Time Charter and Voyage Expenses
Time charter and voyage expenses comprise mainly commission paid to ship brokers, the cost of bunker fuel for owner’s account when a ship is off-hire or idle and miscellaneous owner’s costs associated with a ship’s voyage. Time charter and voyage expenses were $2.5 million for the three months ended September 30, 2020, compared to $2.4 million in the prior year period. The increase was mainly due to the addition of the six vessels since July 1, 2019, all of which incur such commission. In addition, a number of our legacy ships have completed their initial charters with CMA CGM or OOCL, which charters did not attract such commission and were employed on new charters obtained with the assistance of a broker, thereby incurring commission.
For the nine months ended September 30, 2020, time charter and voyage expenses were $8.7 million, compared to $6.1 million in the comparative period with the increase being due to the addition of five vessels since October 1, 2019. Further, there was an increase in bunker costs for GSL MatisseandUtrillo (assets held for sale as at June 30, 2020), and for Julie andGSL Christen during idle time.
Depreciationand Amortization
Depreciation and amortization for the three-month period ended September 30, 2020 was $11.8 million, compared to $11.2 million in the third quarter of 2019. The increase was mainly due to the addition of six vessels since July 1, 2019.
Depreciation for the nine months ended September 30, 2020 was $35.0 million, compared to $32.9 million in the comparative period, with the increase being due to the addition of five vessels since October 1, 2019.
Loss on sale of vessels - vessel impairment losses
Two 1999-built, 2,200 TEU feeder ships, GSL Matisse and Utrillo, were sold on July 3, 2020 and July 20, 2020, respectively resulting in a loss of $0.2 million.

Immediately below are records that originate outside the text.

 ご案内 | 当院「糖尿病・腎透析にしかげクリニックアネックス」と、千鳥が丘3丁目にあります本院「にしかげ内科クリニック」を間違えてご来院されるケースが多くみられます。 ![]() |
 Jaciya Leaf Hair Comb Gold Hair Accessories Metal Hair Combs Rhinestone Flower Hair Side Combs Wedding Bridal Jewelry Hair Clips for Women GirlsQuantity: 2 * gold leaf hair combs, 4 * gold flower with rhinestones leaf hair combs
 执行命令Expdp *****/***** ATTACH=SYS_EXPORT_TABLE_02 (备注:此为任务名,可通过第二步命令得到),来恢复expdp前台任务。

As of March 31, 2020, we had an expectation that the vessels would be sold before the end of their previously estimated useful life, and as a result performed an impairment test of these two asset groups and an impairment charge of $7.6 million was recognized. An additional impairment charge of $0.9 million was recognized on these two vessels in the three months ended June 30, 2020 for a total of $8.5 million in the nine months ended September 30,2020. No impairment charges were recognized in the prior year periods.
General and Administrative Expenses
General and administrative expenses were $1.6 million in the three months ended September 30, 2020, compared to $2.1 million in the comparative period. The average general and administrative expense per ownership day for the three-month period ended September 30, 2020 was $407, compared to $586 in the comparative period, a decrease of $179 or 30.5%.

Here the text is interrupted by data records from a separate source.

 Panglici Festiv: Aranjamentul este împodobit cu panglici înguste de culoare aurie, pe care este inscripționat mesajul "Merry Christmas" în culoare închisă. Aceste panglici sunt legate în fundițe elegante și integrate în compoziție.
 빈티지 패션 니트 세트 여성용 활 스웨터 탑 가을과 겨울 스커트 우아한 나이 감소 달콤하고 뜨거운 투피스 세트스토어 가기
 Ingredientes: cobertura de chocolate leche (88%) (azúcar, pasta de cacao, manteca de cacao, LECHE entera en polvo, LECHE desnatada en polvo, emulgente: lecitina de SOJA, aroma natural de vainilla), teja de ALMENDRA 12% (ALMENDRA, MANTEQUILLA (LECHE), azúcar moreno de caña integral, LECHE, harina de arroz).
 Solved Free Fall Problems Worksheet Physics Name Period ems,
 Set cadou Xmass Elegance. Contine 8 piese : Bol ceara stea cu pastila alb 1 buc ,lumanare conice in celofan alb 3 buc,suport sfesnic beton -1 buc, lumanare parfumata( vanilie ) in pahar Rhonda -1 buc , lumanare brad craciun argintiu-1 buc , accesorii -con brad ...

For the nine months ended September 30, 2020, general and administrative expenses were $6.4 million, compared to $7.1 million in the comparative period. The average general and administrative expense per ownership day for the nine-month period ended September 30, 2020 was $528, compared to $673 in the comparative period, a decrease of $145 or 21.5%.
Adjusted EBITDA
As a result of the above, Adjusted EBITDA was $41.6 million for the three months ended September 30, 2020, up from $40.8 million for the three months ended September 30, 2019, with the increase being mainly due to the addition of six vessels since July 1, 2019.
Adjusted EBITDA for the nine months ended September 30, 2020 was $123.0 million, compared to $119.2 million for the comparative period, with the increase being due to the addition of five vessels since October 1, 2019.
Interest Expenseand Interest Income
Debt at September 30, 2020 totaled $830.3 million, comprising $265.1 million of indebtedness on our 2022 Notes and $4.7 million of indebtedness under a secured term loan, both cross collateralized by 16 vessels in the legacy GSL fleet, $59.0 million of unsecured indebtedness on our Senior Unsecured Notes due 2024 (the “2024 Notes”), and $501.5 million other secured debt collateralized by our other vessels. As of September 30, 2020, five of our vessels were unencumbered.
Debt as at September 30, 2019 totaled $882.0 million, comprising $340.0 million of indebtedness under our 2022 Notes, $24.8 million of indebtedness under a secured term loan, both cross collateralized by 18 ships in the legacy GSL fleet and $517.2 million of bank debt collateralized by the rest of the fleet. Three vessels were unencumbered.
Interest and other finance expenses for the three months ended September 30, 2020 were $15.0 million, a decrease of $3.4 million, or 18.5%, on the interest and other finance expenses for the prior year period of $18.4 million. The decrease is mainly due to principal repayments during third quarter of 2020 and decrease in LIBOR.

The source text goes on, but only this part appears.